Determination of toxicity of test material on the growth of 14 gram negative microorganisms. Inhibitory activity of test chemical was determined by the traditional agar gel method. The conc. of test chemical used for the study was 0.6918 mg/l (1 µM). 14 different gram negative bact. were used for the study was Agrobacterium radiobacter, Agrobacterium tumefaciens, Bradyrhizobium japonicum, Escherichia coli, Erwinia atroseptica,Erwinia herbicola, Erwinia uredovora, Pseudomonas fluorescence, Pseudomonas phaseolicola, Pseudomonas syringae , Rhizobium trifolii, Xanthomonas malvacearum, Xanthomonas phaseoli and X. stewartii. These test organisms were taken from the collection of the Plant Protection Institute, Hungarian Academy of Sciences (Budapest, Hungary). The bacteria were maintained on Nutrient Agar (Oxoid CM3) completed with vitamins pyridoxine. HCl, thiamine. HCl, riboflavine and nicotinamide at 1, 10, 1 and 20 mg/l concentrations. Bacterial suspensions for screening were prepared by washing cells with sterile tap water containing 0.3% peptone from slants of 20 h old cultures grown at (21±1) °C. A layer of 5 mm depth of inoculated medium was dispensed into Petri dishes of 90 mm diameter. Filter paper discs of 5 mm diameter were impregnated with 1 µM solution of test compounds and placed centrally on the surface of the agar plate. Growth inhibition zones were measured after 24 h incubation at 21 ± 1 °C. After incubation colony diameters were determined and growth inhibition was calculated in percentage of dye free colony growth. Each determination was run in quadruplicate. Based on no effect on growth inhibition of gram negative test organisms, the NOEC value of test material was determine to be 0.6918 mg/l for Erwinia herbicola and Pseudomonas syringae. Whereas the growth inhibition was observed on the other organisms so LOEC was 0.6918 mg/l for remaining 12 bacteria.

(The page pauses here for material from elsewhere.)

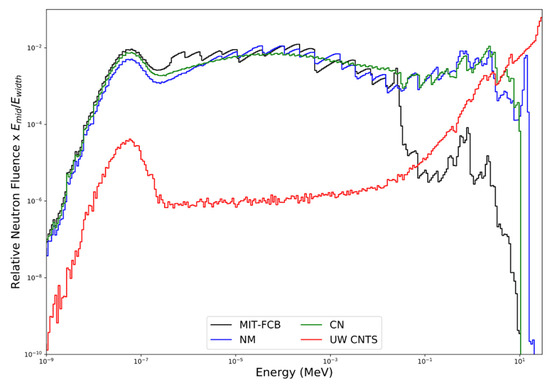 Comparison of the MIT-FCB, NM, CN and UW CNTS relative neutron fluence at a depth of 1.5 cm in a water phantom (geometry in Figure 1) obtained using MCNPX.

Determination of toxicity of test chemical on the growth of 8 gram positive microorganisms. Inhibitory activity of test chemical was determined by the traditional agar gel method. The conc. of test chemical used for the study was 0.6918 mg/l (1 µM).

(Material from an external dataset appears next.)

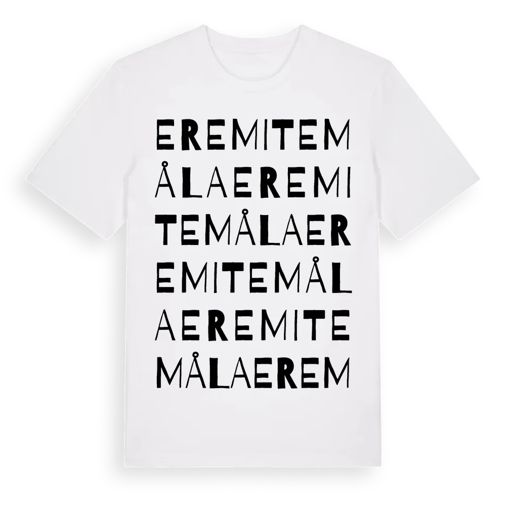 Eremitemåla ordlek t-shirt är inspirerad av byn Eremitemåla i Kalmar län, Sverige. Tröjan är designad för dig som har en speciell koppling till platsen – oavsett om du bor här, har rötterna här eller bara älskar Eremitemåla.

8 different gram positive bact. were used for the study-

Gram – positive bacteria:

Corynebacterium fascians

Corynebacterium flaccumfaciens

Corynebacterium michiganense

Corynebacterium oortii

Stapylococcus aureus

Micrococcus luteus

Bacillus subtilis and

Bacillus thuringiensis Berliner subp. kurstaki

These test organisms were taken from the collection of the Plant Protection Institute, Hungarian Academy of Sciences (Budapest, Hungary). The bacteria were maintained on Nutrient Agar (Oxoid CM3) completed with vitamins pyridoxine. HCl, thiamine. HCl, riboflavine and nicotinamide at 1, 10, 1 and 20 mg/l concentrations. Bacterial suspensions for screening were prepared by washing cells with sterile tap water containing 0.3% peptone from slants of 20 h old cultures grown at (21±1) °C. A layer of 5 mm depth of inoculated medium was dispensed into Petri dishes of 90 mm diameter. Filter paper discs of 5 mm diameter were impregnated with 1 µM solution of test compounds and placed centrally on the surface of the agar plate. Growth inhibition zones were measured after 24 h incubation at 21 ± 1 °C. After incubation colony diameters were determined and growth inhibition was calculated in percentage of dye free colony growth. Each determination was run in quadruplicate. Based on growth inhibition of gram positive test organisms, the LOEC value of test substance was determine to be 0.6918 mg/l.

Based on above experimental studies it was concluded that the reaction mass of Benzenamine, N,N-dimethyl- , molybdate, tungstate & phosphates shows low effect at 0.6194 mg/l.